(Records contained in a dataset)

§

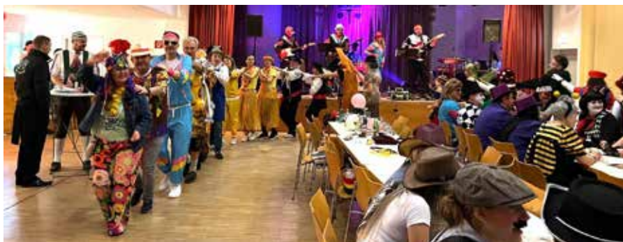
Beste Stimmung am Maskenball mit den Chiccos
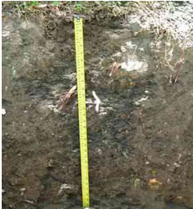
Figura 26. Perfil del suelo Clavijo Arriba, Santiago Rodríguez.

Desde el punto de vista químico (Tabla 68), el epipedón del perfil del suelo presenta un contenido de MO bajo, de 2.10 %; pH adecuado, de 6.61; CE elevada, de 1.23 mmhos/cm; y P bajo, de 2.96 ppm (menos de 20).
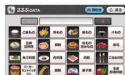
都道府県のご当地グルメを直接検索できて、旅先でも大活躍
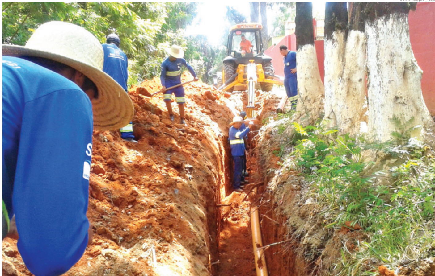
Comunicação / Saae

O serviço Autônomo de Água e Esgoto (Saae) está executando serviços de instalação de rede coletoras de esgoto nos bairros Brigadeiro Tobias, Recreio dos Sorocabanos (no final da avenida Ipanema) e Chácaras Reunidas São Jorge (no quilômetro 105 da rodovia Raposo Tavares). No total, são R$ 2.938.281,00 em financiamentos do Reágua, abrangendo ainda outras obras que se encontram em processo de licitação, que incluem rede coletora de esgoto para o bairro Bom Jesus, no final da avenida Ipanema, com extensão de 2.640 metros; coletor-tronco de esgoto no Bosque Ipanema, com 929 metros de extensão, para o recebimento do esgoto de 600 imóveis deste condomínio popular e também de 542 unidades residenciais do Jardim Botucatu, além de outras obras.
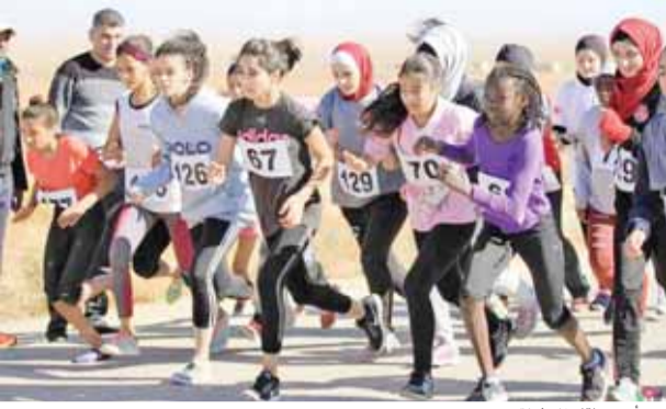
من أحد سباقات البطولة
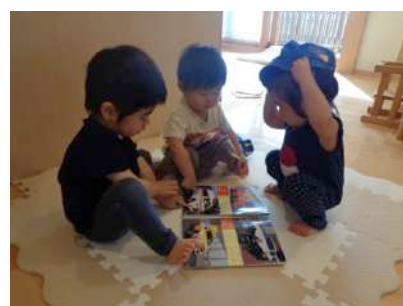
写真7 同チームの子どもが寄り遊ぶ

4月当初は、担当の保育者と子どもの関係だったが、その関係性がしっかり結ばれるとクラスの担任と子ども、園で関わりのある保育者と子どもの関係、子ども同士の関係へと、人間関係が広がっていることが記録から読み取れる。担当制として、しっかりと子どもとの関係性をつないできた関わりの評価が子どもの姿から読み取ることができる。5月頃から、同チームの友だちが登園し顔が見え、歩いて近寄って行く姿も見られ、それが徐々に手を振ったり、ハグをしたりと親密性が増していく様子が見られるようになった。クラスのどの子どもとも一緒に関わって遊んでもいるが、朝夕に入口に送迎に行ったり自然に集まったりスキンシップを取り合ったりするなど、同チームの子ども同士の繋がりは、家族のようにより深く感じられる。そして、何よりも担当保育者との愛着関係は特にしっかりと築かれたと分かる。例えば、担当保育者の私に、抱っこして欲しいなどの甘えたい思いを存分に発揮したり、夕方の送迎時に少し寂しく感じたらぎゅっとハグをしに来たり、抱っこしてほしい気持ちをしっかりと伝えてくる。ひとり一人の心情的なありのままの姿が表出され、その子どもの内なる心をしっかりと私たち担当保育者は受け止めてくれる、心を満たしてくれる拠り所みたいな存在になっているのだと感じる。私たち保育者もその子どもの気持ちをしっかりと汲み取り、丁寧に受け止めている。
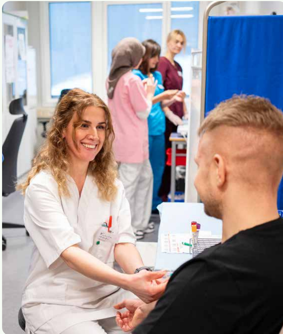
Ved Åssiden videregående skole tilbys det opplæring for voksne innen helse- og oppvekstfag.

Aksjefond, hedgefond, private equity-fond, infrastrukturfond, eiendomsfond og rentebærende verdipapirer forvaltes eksternt, mens direkte eiendomsplasseringer forvaltes internt. Utlån administreres eksternt av Intrum AS med godkjeningsprosesser internt.
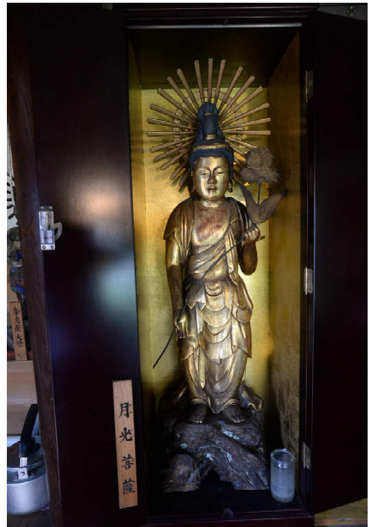
市指定彫刻「月光菩薩立像」 (昭和 49 年 3 月 27 日指定)
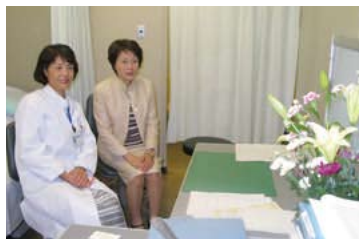
開設時の市立大学病院女性専門外来を視察
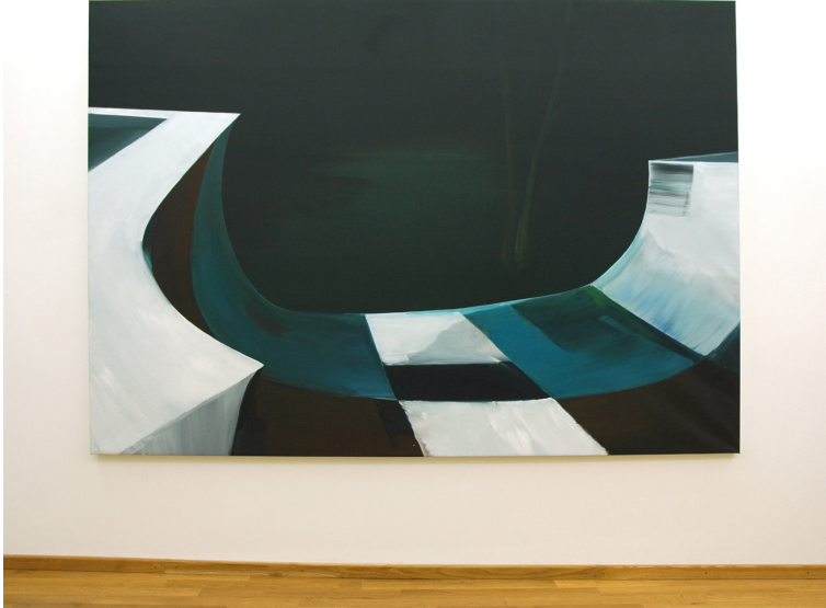
Timberland Exhibition View Nosbaum Reding, Luxembourg, 2009
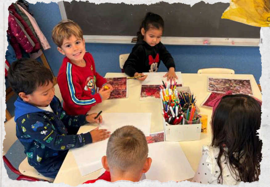
erwriter and Joint Bookrunner
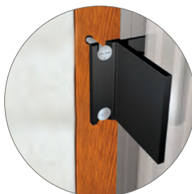
OPTIONAL STAFFA 45-50 PER FISSAGGIO FRONTALE

N.B.: Larghezze massimo fino a 600mm Altezze 1400mm.
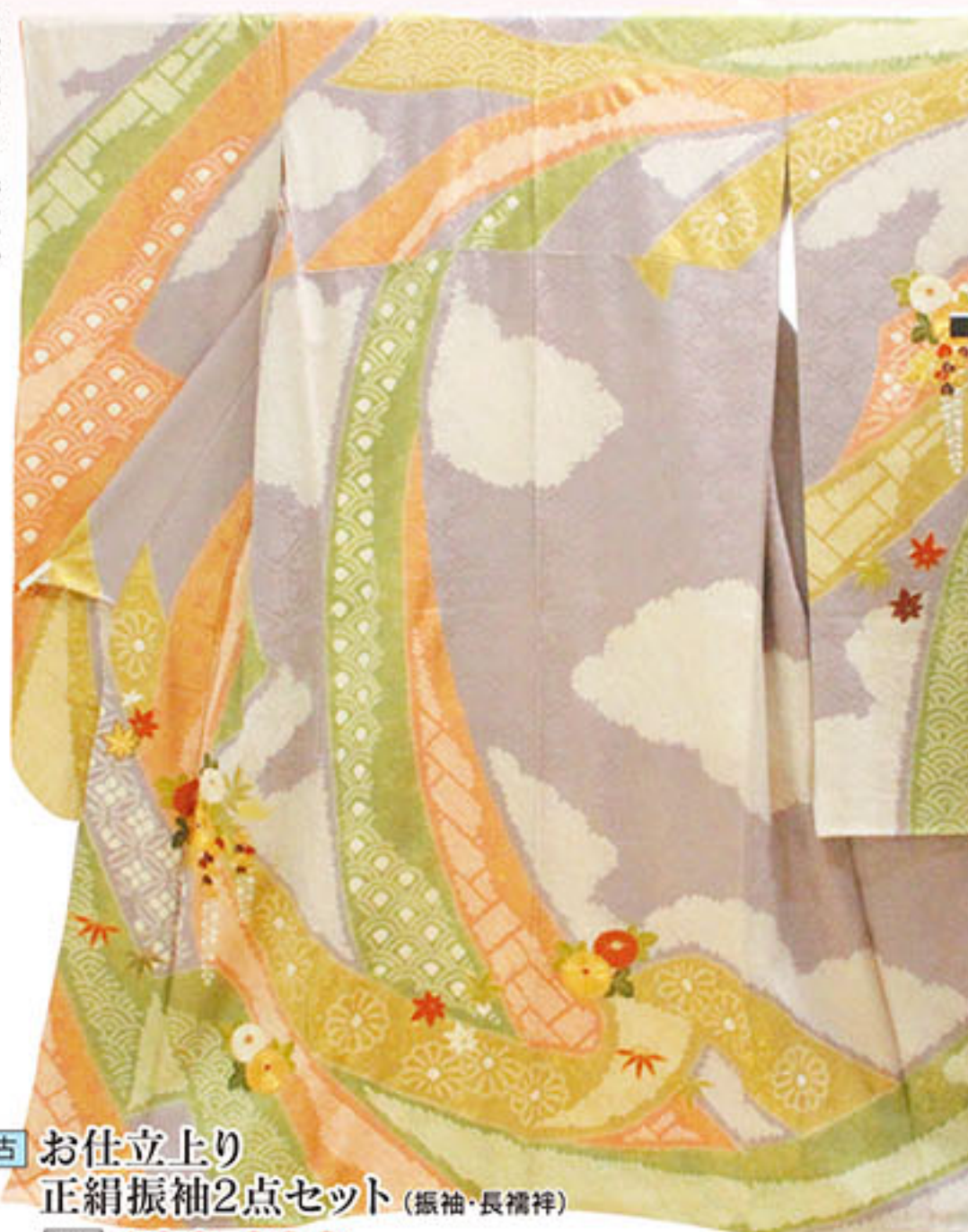
中古 お仕立上り 正絹振袖2点セット (振袖・長襦袢) 本体価格 100,000円 税込価格 108,000円
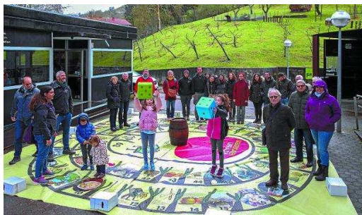
Divertido y participativo juego de la oca de Sagardoetxea.
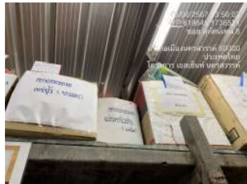
รูปที่ 17 สไตร์
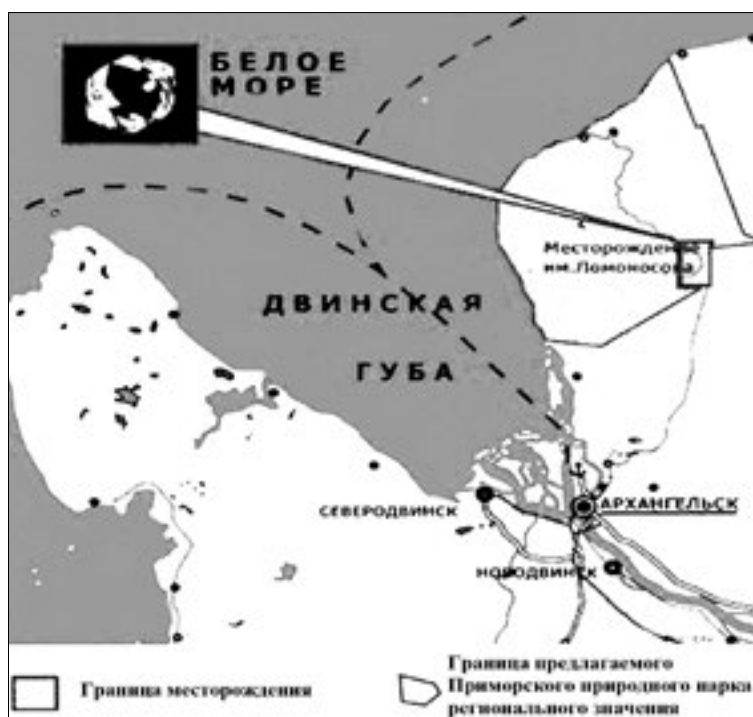
Рис. 1. Обзорная схема размещения месторождения имени Ломоносова

Краткая характеристика месторождения. Месторождение алмазов имени Ломоносова представлено 6 кимберлитовыми трубками: Архангельская, имени Карпинского-1, имени Карпинского-2, Пионерская, Поморская, имени Ломоносова.
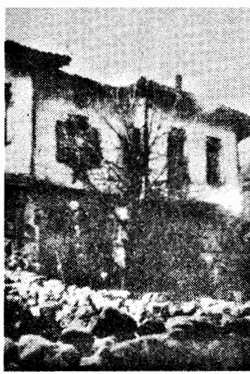
Η αφίσα και το εξώφυλλο της έκδοσης και πάνω και πάνω το σπίτι του συγγραφέα
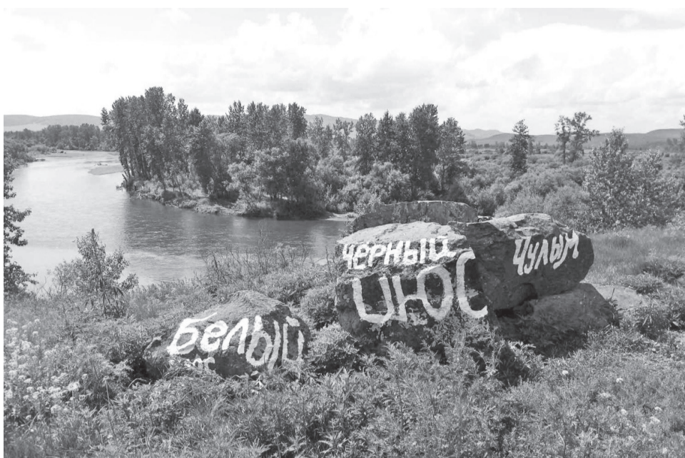
У всех народов особо почитаемым, священным местом считаются истоки рек. А исток Чулыма получил силу сразу двух начал

Ежегодно они справляли праздник Новруз. Новруз с персидского означает «новый день». Праздник Новруз связан с
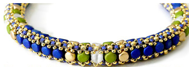
Bracelet "Michelle"© par Puca®-Paris

Kalos® Trendy Sienna Mat, Light Olive Mat, Mustard Mat et Light Gold mat

§

### [What this task involves]
Search the records above for "Ломоносова" and copy every line that has it.

### [Task answer]
Рис. 1. Обзорная схема размещения месторождения имени Ломоносова
Краткая характеристика месторождения. Месторождение алмазов имени Ломоносова представлено 6 кимберлитовыми трубками: Архангельская, имени Карпинского-1, имени Карпинского-2, Пионерская, Поморская, имени Ломоносова.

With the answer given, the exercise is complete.